As another example of using prec/assoc to resolve grammar ambiguity, we can consider the classic "dangling else" problem. Many languages, such as C, have two rules for the "if" statement:

  nonterm Stmt {
    -> "if" "(" Expr ")" Stmt ;
    -> "if" "(" Expr ")" Stmt "else" Stmt ;
    ...
  }
This grammar is ambiguous; for example, the input
  if (P)   if (Q)   a=b;   else   c=d;
could be parsed as
  if (P) {
    if (Q)
      a=b;
    else        // associated with inner "if"
      c=d;
  }
or as
  if (P) {
    if (Q)
      a=b;
  }
  else          // associated with outer "if"
    c=d;

As with all uses of prec/assoc, it is possible to resolve the ambiguity by modifying the grammar. (Actually, I'm not 100% sure about this fact, especially because of LALR vs LR. But it seems to be true in practice.) However, in this case, doing so means duplicating the entire Stmt nonterm, creating one case for when it is the first thing in the then-block of an "if" statement with an "else" clause (in which case the version missing an "else" is not allowed), and another case for when it is not. Such savagery to the grammar is usually unacceptable.

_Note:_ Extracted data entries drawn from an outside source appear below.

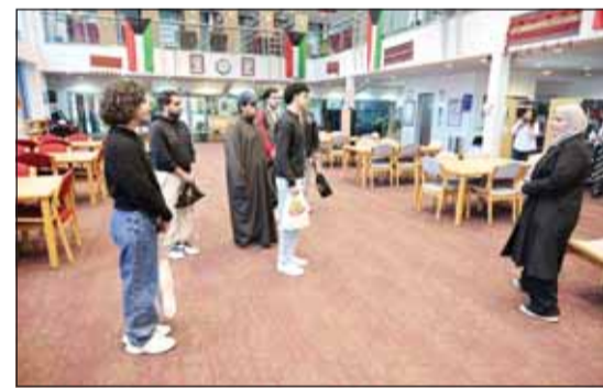
خلال الجولة الترفيحية داخل الحرم الجامعي

الطلبة بخوض التحديات والتجارب المختلفة التي تساعدهم على اكتشاف ذاتهم وتحقيق أحلامهم، مهيناً ضرورة الاستفادة من جميع محطات المرحلة الجامعية من خلال الالتزام بالمرونة واكتساب المعرفة. وخلال الأسبوع الأول، نظم مكتب الحياة الطلابية العديد من الأنشطة، بما في ذلك ليلة سينمائية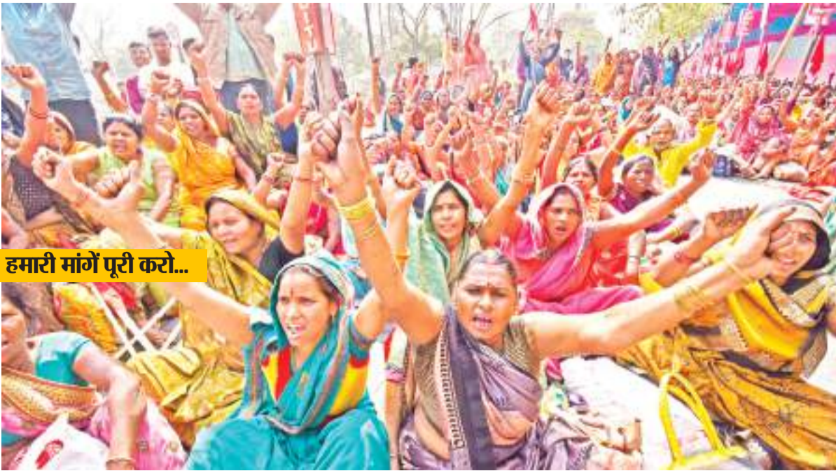
हमारी मांगें पूरी करो...

औरंगाबाद। जिले के ओबरा थाना क्षेत्र के एक गांव में नाबालिग बच्ची के साथ सामूहिक दुष्कर्म की घटना हुई है. बताया जा रहा है कि दो मनचलों ने सामूहिक दुष्कर्म की घटना को अंजाम दिया. नाबालिग का इलाज सदर अस्पताल में चल रहा है. पीड़िता की मां ने बताया कि रिवाज की देर रात गांव में बारात आई थी जिसे देखने वह गई थी. बारात लगने के बाद जब वह देर रात घर पहुंची तो देखा कि ब्लाईडिंग हो रही है. इसके बाद इलाज के लिए सदर अस्पताल लाया गया. वहीं, होश में आने के बाद बच्ची ने बताया कि बारात से लौटने के बाद जब वह घर लौट रही थी तभी दो लड़कों ने उसे पकड़ लिया.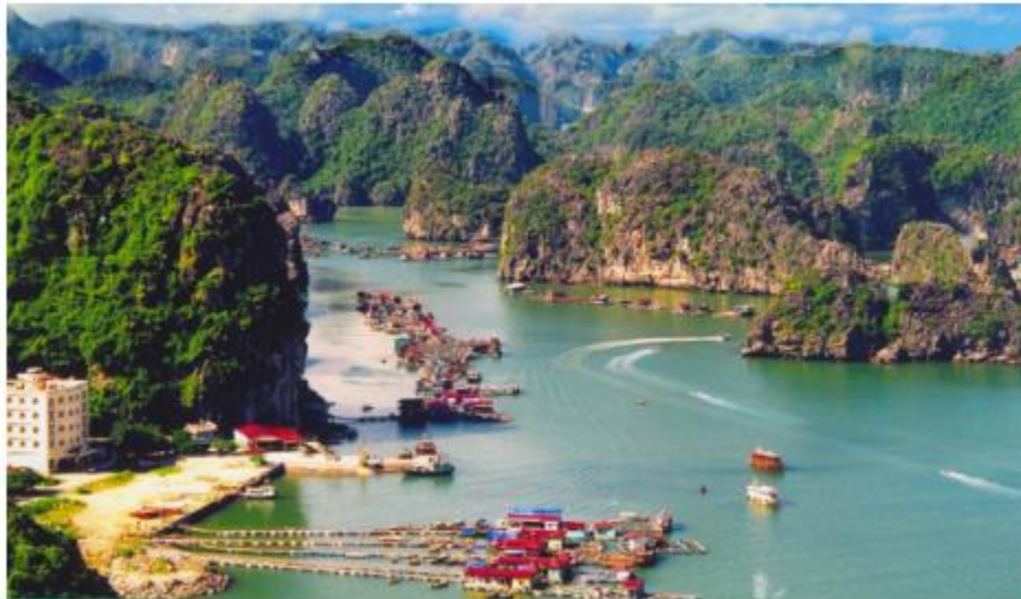
Hình 4. Đảo Cát Bà.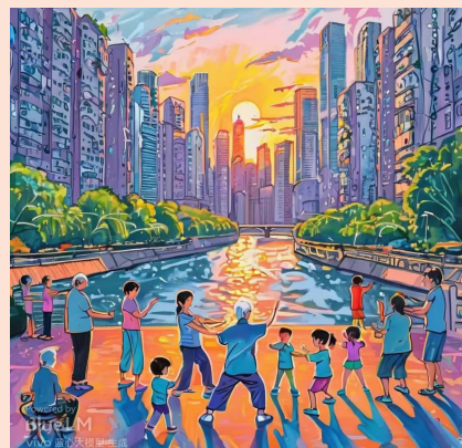
晨光悦苏河(一等奖)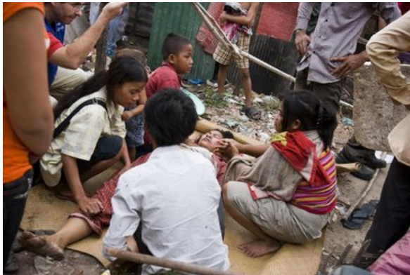
ការរឹបអូសយកដីប្រជាពលរដ្ឋក្រោមរូបភាពក្រុមហ៊ុន និង អភិវឌ្ឍន៍

ក្រុមហ៊ុន ជាការបិទបាំង ចំណែកឯពួកអាយ៉ង យកពាក្យថា អភិវឌ្ឍន៍ មកធ្វើជាលេស ដើម្បីបំពេញមហិច្ឆតា របស់យួន ដែលចង់លេបទឹកដីខ្មែរ ដូចកាលដែលយួនបានធ្វើនៅក្នុងទឹកដីខ្មែរកម្ពុជាក្រោមដែរ។ បញ្ហានេះ បាននឹងកំពុងកើតឡើងជាបន្តបន្ទាប់នៅក្នុងប្រទេសខ្មែរ។ ពួកអាជ្ញាធរផ្តាច់ការ ហ៊ុន សែន បានប្រគល់ដីសម្បទាន អោយក្រុមហ៊ុន យួនមានរយៈពេលយ៉ាងតិច ៩៩ឆ្នាំ។ ពួកនេះរឹបអូសយកដីប្រជាពលរដ្ឋ ដែលការរឹបអូសដីនេះ បានប៉ះពាល់យ៉ាងធ្ងន់ធ្ងរដល់ជីវភាពប្រជាពលរដ្ឋខ្មែរសព្វថ្ងៃ។ ដូចក្នុងករណីថ្មីៗនេះ នៅភូមិសំបុកចាប នៅភូមិដី ក្រហម សហគមន៍វិកាយ និងនៅតាមបណ្តាខេត្តផ្សេងៗទៀតជាច្រើន។ ចូរយើងនាំគ្នាពិចារណាមើលទៅ ការផ្តល់សម្បទានដីដែលមានរយៈពេល ៩៩ឆ្នាំ ទៅអោយយួន តើអនាគតទឹកដីខ្មែរអាចក្លាយជាកម្មសិទ្ធិ របស់យួនបានឬទេ បើសិនជាជីវិតមធ្យមរបស់ខ្មែររស់បានត្រឹមតែ ៥០ឆ្នាំនោះ។ ចំណែកការបិទសិទ្ធិសេរីភាពខ្មែរ ការបំភ្លៃលុបបំបាត់ប្រវត្តិសាស្ត្រខ្មែរពិតប្រាកដ គេធ្វើកែប្រែជាបន្តបន្ទាប់។ ជាពិសេស នៅពេលឥឡូវនេះ ជនអន្តោប្រវេសន៍យួនរស់នៅយ៉ាងច្រើនកុះករនៅ លើកទឹកដីខ្មែរសព្វថ្ងៃនេះទៀត ។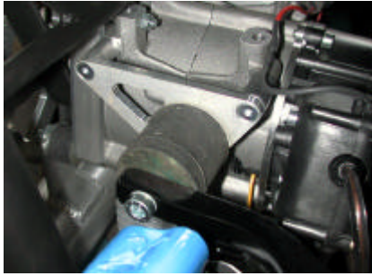
Puffer am Kurbelgehäuse Monster

Die folgenden Bilder zeigen den Einbauort dieser Puffer an den verschiedenen Motoren. Am Flyke sind die 4 Puffer zwischen Motorträger und A-Rahmen betroffen.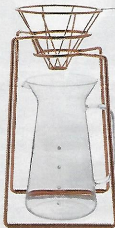
CAFÉ À L'ANCIENNE Kit de filtration lente, avec support cuivré et carafe, Toast, 94 €, chez Comptoirs Richard.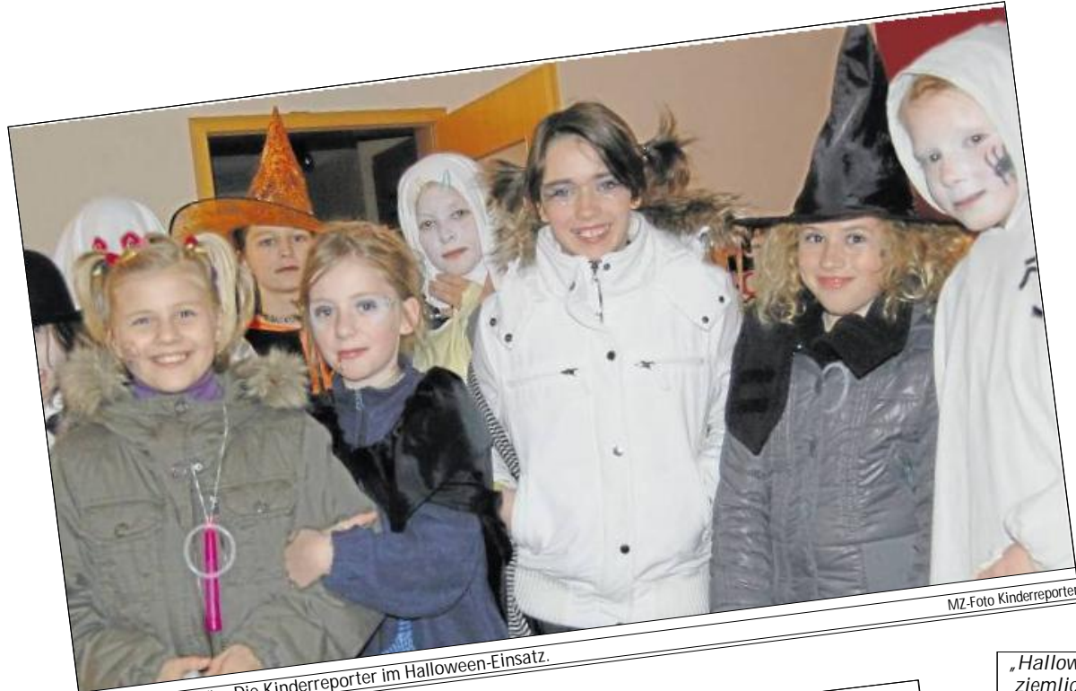
Zum Gruseln schön: Die Kinderreporter im Halloween-Einsatz.

merzialisiert wird und hin und wieder auch zu Auswüchsen führt, die zahlreiche Einsätze der Polizei an erfordern. Fest steht: Die Freizeitindustrie verdient an diesem vermeintlichen Feiertag am meisten mit. Auch mit katholischen Christen gibt es Konflikte wegen Halloween: der folgende Tag, Allerheiligen, ist schließlich ein so genannter „stiller Feiertag“. An einem solchen Tag sind Tanzveranstaltungen verboten – und das Verbot gilt ab Mitternacht. Insa Duvos

There is an easy fix with prec/assoc, however: simply declare "else" to be right-associative, and (explicitly) give both "if" rules the precedence of the "else" token:

  terminals {
    precedence {
      right 100 "else";     // precedence number irrelevant
    }
  }
  ...
  nonterm Stmt {
    -> "if" "(" Expr ")" Stmt                   precedence("else");
    -> "if" "(" Expr ")" Stmt "else" Stmt       precedence("else");
    ...
  }
At the crucial moment, the lookahead is "else" and the stack is
  Stmt(a=b;)                          <-- top
  ")"
  Expr(Q)
  "("
  "if"
  ")"
  Expr(P)
  "("
  "if"                                <-- bottom
The conflict is between shifting "else" and reducing via "Stmt -> if ( Expr ) Stmt". Since the precedence of both the token and the rule is the same, the associativity direction of the token is consulted. That direction is "right", which means to reduce late, i.e. shift. After shifting "else", then the rest of the input, and reducing "c=d;", we have
  Stmt(c=d;)                          <-- top
  "else"
  Stmt(a=b;)
  ")"
  Expr(Q)
  "("
  "if"
  ")"
  Expr(P)
  "("
  "if"                                <-- bottom
Finally, the algorithm reduces via "Stmt -> if ( Expr ) Stmt else Stmt", yielding
  If(Q, Stmt(a=b;), Stmt(c=d;))       <-- top
  ")"
  Expr(P)
  "("
  "if"                                <-- bottom
and one more reduce yields
  If(P,   If(Q, Stmt(a=b;), Stmt(c=d;))  )
which corresponds to binding the "else" to the innermost "if".

7.6 Further directions

As illustrated in the "dangling else" example, prec/assoc specifications need not involve "operators" with a classic "precedence order". Arguably, such cases constitute a hack, wherein the grammar designer takes advantage of knowledge of the parsing algorithm in use. It would perhaps be better if there were some kind of parsing-algorithm-neutral specification technique that could subsume LR prec/assoc, but be translated into LR prec/assoc if that is the algorithm in use. But I do not know of such a technique. (At one point I played with using attribute grammars and planned some static analysis to figure out when an attribute grammar's inherited attributes could be replaced with an equivalent prec/assoc spec, but it turned out to be hard so I abandoned the attempt.)

Not every use of prec/assoc is to resolve an actual grammatical ambiguity. It is possible for the grammar to be unambiguous, but still have a conflict, in which case a prec/assoc specification may be a good way to resolve it, if performance is a concern.

I think the best advice is: if you are not very familiar with LR parsing, ignore prec/assoc. Either write an unambiguous grammar, or use Elkhound's merge feature to do disambiguation; in either case, the conflicts only affect performance and so can be ignored. If you are familiar with LR parsing, then use your judgment as to whether a given situation is right for prec/assoc. They can seem appealing since they yield fast parsers, but it can be difficult to determine the actual language accepted by an LR parser with prec/assoc.